LoRA Support

Before read this document, please first read LoRA Adapters for a basic concept and process.

Overview

The AllSpark Engine can work with multiple LoRAs based on the models listed in the python/pyhie/allspark/model/ directory. When you want to perform inference with LoRA for the first time, four steps should be completed.

Prepare LoRA Adapters

Before conversion, ensure that the LoRA adapter files are in PyTorch format. If they are in SafeTensors format, you can easily convert them using the safetensors module:

from safetensors.torch import safe_open
safetensor_model_path = 'lora-1/adapter_model.safetensors'
with safe_open(safetensor_model_path, framework="pt", device='cpu') as f:
    for k in f.keys():
        tensors[k] = f.get_tensor(k)
torch.save(tensors, os.path.join(raw_lora_dir, 'lora-1/adapter_model.bin'))

After conversion, the directory structure should look like this:

/dir/to/my/loras/
     |__ lora-1/
           |__ adapter_config.json
           |__ adapter_model.safetensors   (raw)
           |__ adapter_model.bin           (converted to pth format)
     |__ lora-2/
           |__ adapter_config.json
           |__ adapter_model.safetensors   (raw)
           |__ adapter_model.bin           (converted to pth format)

Enable LoRA

To enable LoRA support, a base model should be converted into AllSpark format using a JSON lora_cfg argument with the following fields:

input_base_dir: A relative or absolute directory path to the parent directory of the LoRA adapters.
lora_names: A list of LoRA names, each being a directory name.
lora_cfg: An optional boolean flag indicating whether to convert only the adapters or also the base model.

output_dir = '/path/to/output/dir/' # output directory name
engine = allspark.Engine()
model_loader = allspark.HuggingFaceModel(...)
model_loader.load_model().read_model_config().serialize_to_path(
    engine,
    output_dir,
    lora_cfg={
        'input_base_dir': '/dir/to/my/loras/',      # input parent directory of all the LoRA adatper directories
        'lora_names': ['lora-1', 'lora-2'],  # which LoRA adapters will be converted.  The lora name is also the directory name of the LoRA adapter.
        'lora_only': False          # False means you will convert both the base model and the LoRA adapters.
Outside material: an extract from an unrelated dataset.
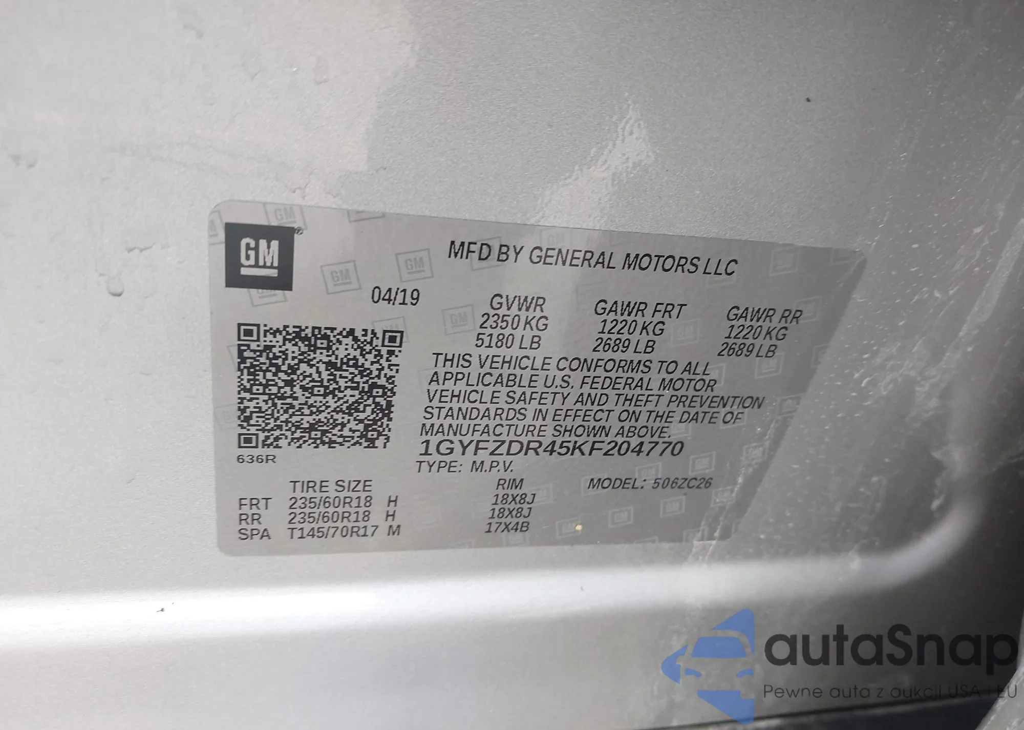 • VIN 1GYFZDR45KF204770

No base model but only LoRA converted if set True.
    }
)

After calling serialize_to_path(), four files are generated in the output_dir: qwen7b.asgraph: Base model containing LoRA support qwen7b.asparam: Weights data of base model lora-{1,2}.aslroa: Converted LoRA adapters

Setup LoRA Limits

The limits of LoRA should be set appropriately before inference. You can change the default limits using the following instructions:

runtime_cfg_builder = model_loader.create_reference_runtime_config_builder(...)
runtime_cfg_builder.lora_max_num(20).lora_max_rank(64)

Now, both the maximum number and maximum rank of all LoRA adapters are set.

Infer With LoRA

Finally, you can pass the lora_name argument into GenerationConfig and use it to perform generation tasks.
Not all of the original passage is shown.